Well, if that's okay with you, Mina-chan, then it's okay."

He said quietly. If I were in the opposite positionIt would be a shame to give up after all we've been through!"I would have said, "I'm sorry, but I'm not going to be able to do that" (explosion). And.

If you're serious about the Porsche blog, I'll support it too."

and he has been providing a lot of support for this blog in terms of server relations, tuning, and providing stories. And just the other dayI was too rooted and down.even when

Don't work so hard. You just need to slack off moderately.
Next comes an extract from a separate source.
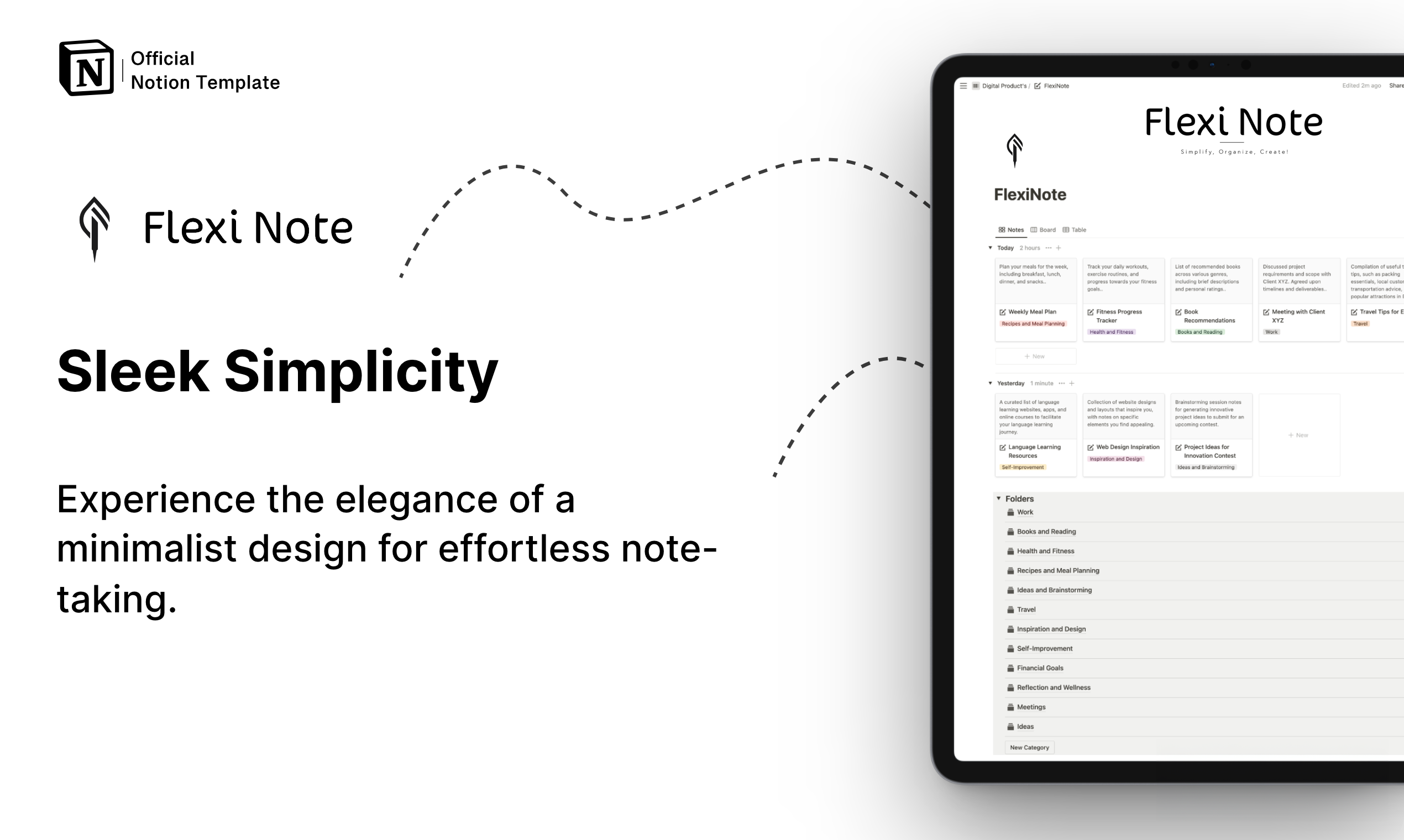 β¨ Tired of messy note-taking in Notion? Say hello to FlexiNote, the ultimate game-changer! β¨ π Dive into the world of effortless organization and creativity with our meticulously crafted Notion template. FlexiNote is here to revolutionize your note-taking journey, providing a seamless and intuitive interface that will skyrocket your productivity! π π₯ What Will You Get?When you purchase FlexiNote, you'll receive instant access to a downloadable Notion template file. This file unlocks a treasure trove of pre-designed pages, sections, and a flexible structure that you can effortlessly customize to suit your unique needs. It's a one-time purchase, granting you lifetime access to the template and all future updates. π π How to Get Your Hands on FlexiNote: Hit that "I want this!" button, and let the magic begin! πFollow the prompts in our secure checkout process.As soon as your payment is confirmed, a download link will be yours to unlock the FlexiNote template file. π π How to Unleash the Power of FlexiNote: Download the FlexiNote template file from the provided link. π₯Import the template seamlessly into your Notion workspace using the import feature.Marvel at the pre-designed pages and sections, ready for your thoughts and ideas to take flight. β¨Customize the template to your heart's content, rearranging, adding, or deleting sections with a simple click. πͺLet the magic happen as FlexiNote elevates your note-taking game, simplifying and supercharging your organizational journey. π₯ Upgrade Your Note-Taking Game Today:Experience the thrill of organized thinking and supercharged creativity with FlexiNote. π Simplify your life, declutter your mind, and embrace a whole new level of productivity! β‘ Don't wait! Grab FlexiNote now and unlock your note-taking potential! β‘ β Note: FlexiNote requires a Notion account for optimal usage. If you haven't already, sign up for a free account at notion.so before diving into the world of FlexiNote. π Need Assistance or Have Questions?Our dedicated support team is here to help you make the most of FlexiNote! Reach out to us at [email protected]. We're thrilled to guide you on your note-taking journey! π Get ready to revolutionize your note-taking experience with FlexiNote. Embrace the power of organized thinking and unlock your full potential! Purchase now and embark on an extraordinary note-taking adventure! π

He laughed and gave me advice, and when I went crazy with childcare and complained and complained, he shut up and listened to me to the end.(I did it while fiddling with my phone, though.)

And always.

"Mina-chan is aMasako ShirasuI don't want anything from Mina that the rest of the world wants from a wife. I don't want anything from you that people want from their wives. You should do whatever you want.

He says.

...so, from the time we got married until now.

I was actually the one who was given free reign."

If it wasn't for my husband, I don't think I would be able to do this right now.

I'm getting embarrassed to be writing something so out of character, so I'll stop here... I mean, I'mA wife who understands her husband's hobbies and warmly observes them."rather thanI hope my husband does as well as I do."It was my wife who said, "W

Follow me if you like this blog!

Close Comment
  • Comment ( 4 )

  • Trackbacks are closed.

  1. PorscheDreamer

    Haha LOL (since there are no emojis)

    • Mina.Mina.

      PorscheDreamer.

      ...LOL!

  2. cara

    You and your wife are a wonderful couple ️.
    We want to learn from them.
    We work together too.
    I'm the only one who likes it.
    I'm doing it and
    I can't do any housework at all.
    I said I'd ask Duskin to do it for me.
    A few times a year.
    I say the rest is good.
    It's best if we can get along.

    • Mina.Mina.

      cara acid
      No, thank you very much...!
      My mother often says to me, "You and your wife are strange, but you are just like each other.

      Your wife is amazing...! Housework, childcare, work, and three children...!
      But each couple and family has its own shape, and as you say, it is best if we can get along with each other.